Сходя со стула, Фомин поскользнулся и едва не упал. Невольно он взглянул под ноги и увидел какой-то черный предмет, лежавший в углублении под кафедрой. Он нагнулся и поднял его. Это был старенький кожаный, туго набитый бумажник.
‘Верно, кто из учителей обронил’, — подумал Фомин и хотел было отнести находку к Дмитрию Ильичу.
Но тут он вспомнил, что в этом классе последним уроком был немецкий…
‘Уж не немцев ли это бумажник? — промелькнула с быстротой молнии в его мозгу мысль и вдруг изменила все его намерения…
‘Немцев! Немцев это бумажник! — шептал мальчик, знавший сплетню о том, что Федор Васильевич ‘дает под проценты’. — Сама судьба отдает мне его! да, судьба… случай… Там, верно, все расписки тех бедняков, которых опутывал этоть паук! Хорошо же! я знаю, как поступить! Сколько людей я спасу! Если я здесь найду расписки, я…’
Он поспешил вернуться к себе в класс и тщательно спрятал находку в ранец.
Вернувшийся Дмитрий Ильич застал его глубоко задумавшегося.
Мальчик не слыхал даже его шагов.
— Идите, Фомин, — ласково сказал ему классный надзиратель, — я отпускаю вас на пять минут раньше.
Всю дорогу до дому Фомин находился в необыкновенно возбужденном состоянии.
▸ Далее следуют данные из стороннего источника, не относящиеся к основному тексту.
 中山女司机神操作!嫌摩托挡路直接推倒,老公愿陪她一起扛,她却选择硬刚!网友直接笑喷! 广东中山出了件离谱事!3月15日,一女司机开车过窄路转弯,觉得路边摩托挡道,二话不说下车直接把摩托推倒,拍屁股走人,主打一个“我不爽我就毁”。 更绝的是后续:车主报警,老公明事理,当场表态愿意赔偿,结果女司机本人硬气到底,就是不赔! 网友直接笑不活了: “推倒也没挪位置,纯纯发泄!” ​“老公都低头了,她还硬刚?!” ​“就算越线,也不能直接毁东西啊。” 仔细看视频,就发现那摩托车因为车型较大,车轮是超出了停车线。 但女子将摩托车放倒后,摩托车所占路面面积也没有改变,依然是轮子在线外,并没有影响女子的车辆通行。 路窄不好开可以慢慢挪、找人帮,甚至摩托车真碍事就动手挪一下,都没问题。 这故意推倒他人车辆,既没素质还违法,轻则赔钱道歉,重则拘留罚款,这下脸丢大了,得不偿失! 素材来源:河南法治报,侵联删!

— За все, за всех немцу отомщу! — думал он, — это будет моею благодарностью ‘неизвестному’. Он спасает меня, я изорву все расписки и векселя, какие найду в этом проклятом бумажнике… Пусть люди зовут это преступлением, но я знаю, что последствием этого преступления будет счастье многих людей, и они мне будут так же благодарны, как благодарен я моему неизвестному благодетелю…

ГЛАВА ТРИНАДЦАТАЯ.
На обрыве

Володя Смородин редко когда пропускал уроки.
Мальчик был он крепкий и никогда не хворал. Пропускать же классы ему по большей части приходилось по семейным обстоятельствам. В семейные праздники, чтобы не обидеть родных, он всегда оставался дома. Так было и в тот день, когда директор прочел в гимназии отметки за поведение. Был день рождения тетки Володи, и он волей-неволей не пошел в класс.
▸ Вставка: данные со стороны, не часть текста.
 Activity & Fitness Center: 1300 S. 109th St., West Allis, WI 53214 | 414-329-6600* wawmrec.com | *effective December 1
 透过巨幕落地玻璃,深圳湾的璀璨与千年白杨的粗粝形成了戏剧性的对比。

Скучно было мальчику, привыкшему к обычным в течение дня школьным занятиям. Отдых в неурочное время тяготил его. Смородин поздравил тетю и дядю, побывал с ними в церкви, позавтракал с ними, потом оба старших уехали, и мальчик остался один. Время тянулось невыносимо долго. Володя не знал, как убить его. Он взял книгу — не читалось. Делать положительно было нечего. Скука одолевала. Напрасно мальчик без цели бродил то по комнатам, то по саду. Часовые стрелки, будто умышленно, еле-еле двигались по циферблату. Наконец они кое-как добрались до половины четвертого. Смородин вспомнил, что около этого времени возвращается из гимназии Фомин.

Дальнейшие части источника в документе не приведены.